Whatever else Erasmus was, he certainly was not lazy. The impulse to produce was in him an irresistible one. All he asked was opportunity, and the several patrons who, from time to time, contributed to his support must have felt that on his side the point of honour was fully met. One other consideration will perhaps help us to understand the exact feeling of Erasmus in entering upon what seems to us, perhaps, a condition of personal dependence. How, we may ask, could any man have that confidence in his own talent which would assure him against the dread that after all he might prove a bad investment? The answer is twofold: the man must have a profound confidence either in the greatness of the cause he stands for or in his own surpassing merit. In Erasmus both these elements of assurance were united. He always thought and spoke of pure scholarship, when applied to the advancement of a pure Christianity, as the noblest occupation of man, and he shared in a high degree that exaggerated sense of personal importance which is the especial mark of the Renaissance scholar.
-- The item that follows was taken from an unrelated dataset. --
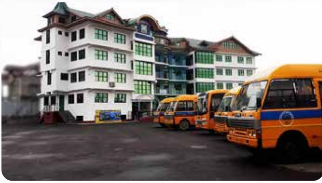
Spring Buds High School, Ompora
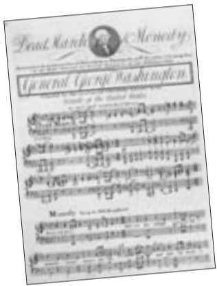
"Death March and Monody," sheet music, circa 1799-1800.

MRS. WASHINGTON'S DRAWING ROOM. On Friday evening at eight, your humble correspondent was among the ladies and gentlemen in attendance at Mrs. Washington's weekly reception. Mrs. Washington, plainly dressed, but in a gown of rich silk, sat on a sofa by the fireplace and arose to greet her guests with a curtsy which each lady returned. Each gentleman bowed low. Coffee, tea, and cake were served, and had I come in the summer, I would have been offered lemonade and ice cream. The ladies swish about, and as candlelight is a great improver of beauty, they appear to great advantage. President Washington circulated among the crowd, chatting agreeably with all the ladies. It is said that he keeps count of the numbers who come to pay their respects to Mrs. Washington and was pleased to find the room so crowded.

The acceptance of a pension from a private person was, then, the most untrammelled form of financial dependence which a poor scholar could assume, and it is the form chosen by Erasmus whenever he had an opportunity of choice. His first relation to the bishop of Cambrai was, indeed, intended to be one of actual, definite service. He was to go with him to Italy as his Latin secretary, and might well feel that he was to give a fair equivalent for his support. The journey to Italy, however, was indefinitely postponed. Erasmus says the bishop could not afford it. Meanwhile the young scholar lived at the episcopal court until, as the Italian plan seemed to be abandoned, the bishop gave him money enough to get to Paris. He promised a regular pension, but it was not forthcoming: "such is the way of princes."[26]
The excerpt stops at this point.